══ Given material
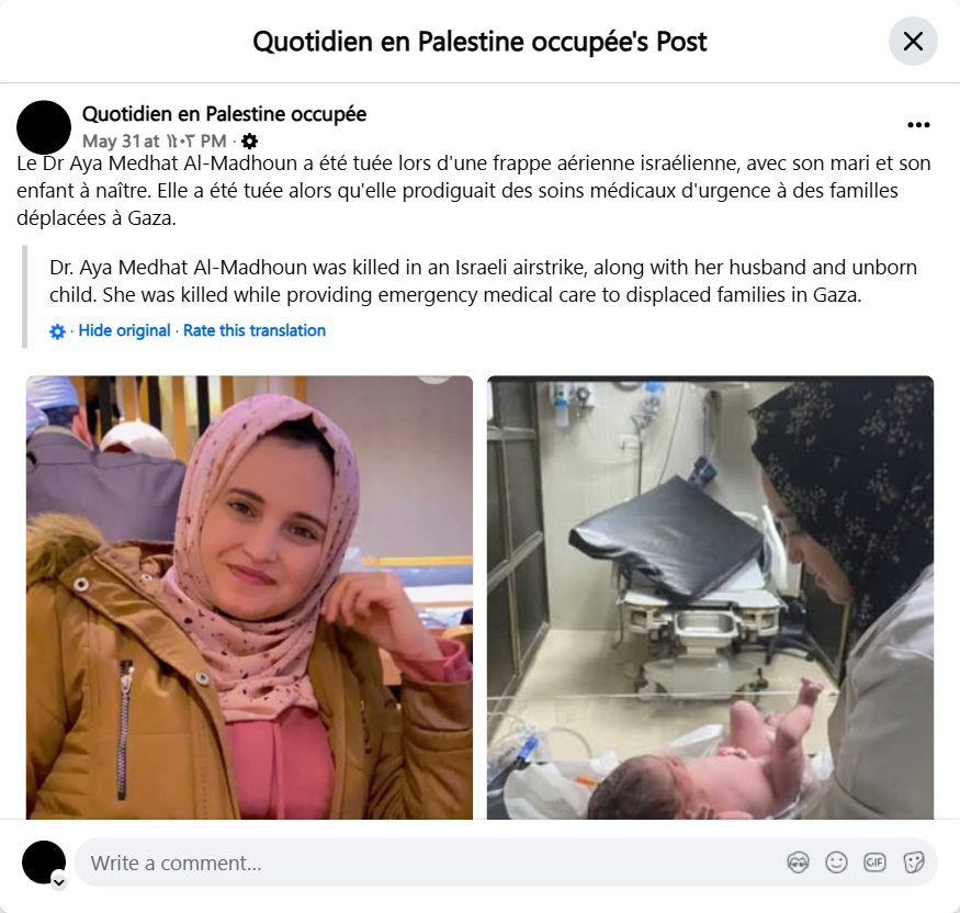 Dr. Aya Medhat Al-Madhoun was killed in an Israeli airstrike, along with her husband and unborn child. She was killed while providing emergency medical care to displaced families in Gaza.
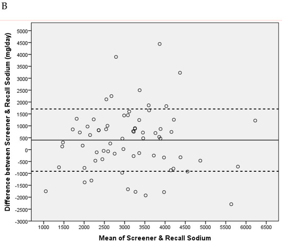 Next, concordance between sodium intakes derived from recalls with those predicted from the SS© was evaluated with Pearson correlation tests; these tests were run with de-attenuation for random error in 24-h recalls. De-attenuation was calculated based on the formula provided by Beaton et al. [6]. Finally, to obtain a visual assessment of the extent of bias between the recall and screener estimates of sodium intakes, Bland–Altman plots, as in Reference [7], were constructed.
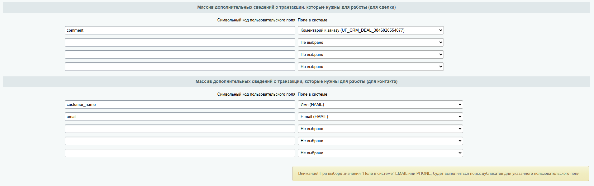 - гибкая настройка приема данных и записи в соответствующие поля сделки. Вы сами решаете, какие данные вам необходимы;
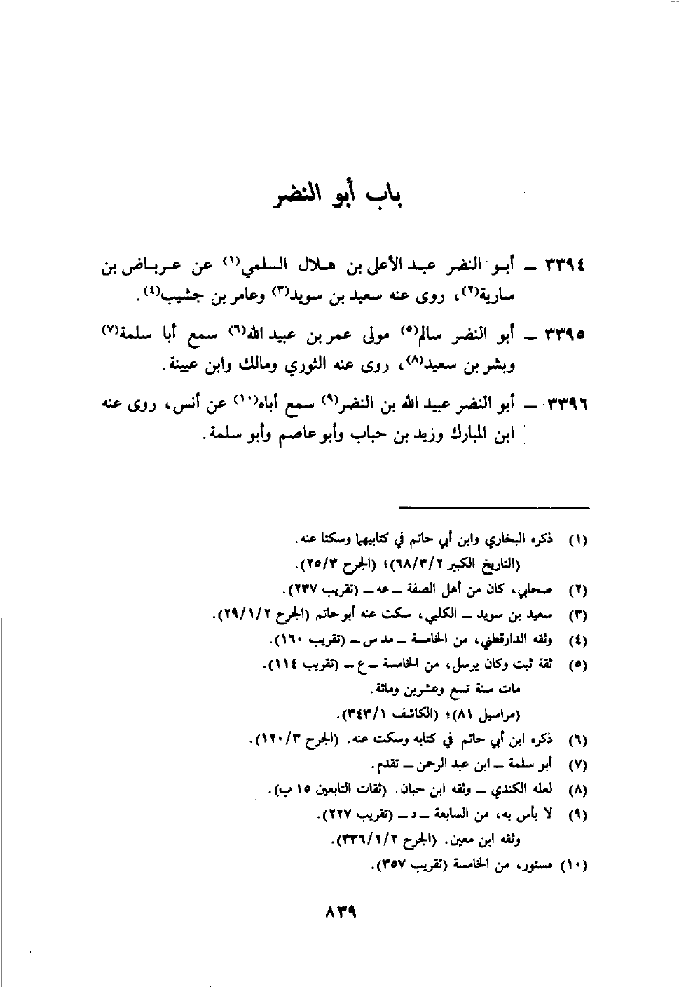 3395- أبو النضر سالم5 مولى عمر بن عبيد الله6 سمع أبا سلمة7 وبشر بن سعيد8، روى عنه الثوري ومالك وابن عيينة.
════
**Activity:** Pictures in the listing above must be skipped; everything else should be copied exactly.

**Written response:**
 Dr. Aya Medhat Al-Madhoun was killed in an Israeli airstrike, along with her husband and unborn child. She was killed while providing emergency medical care to displaced families in Gaza.
 Next, concordance between sodium intakes derived from recalls with those predicted from the SS© was evaluated with Pearson correlation tests; these tests were run with de-attenuation for random error in 24-h recalls. De-attenuation was calculated based on the formula provided by Beaton et al. [6]. Finally, to obtain a visual assessment of the extent of bias between the recall and screener estimates of sodium intakes, Bland–Altman plots, as in Reference [7], were constructed.
 - гибкая настройка приема данных и записи в соответствующие поля сделки. Вы сами решаете, какие данные вам необходимы;
 3395- أبو النضر سالم5 مولى عمر بن عبيد الله6 سمع أبا سلمة7 وبشر بن سعيد8، روى عنه الثوري ومالك وابن عيينة.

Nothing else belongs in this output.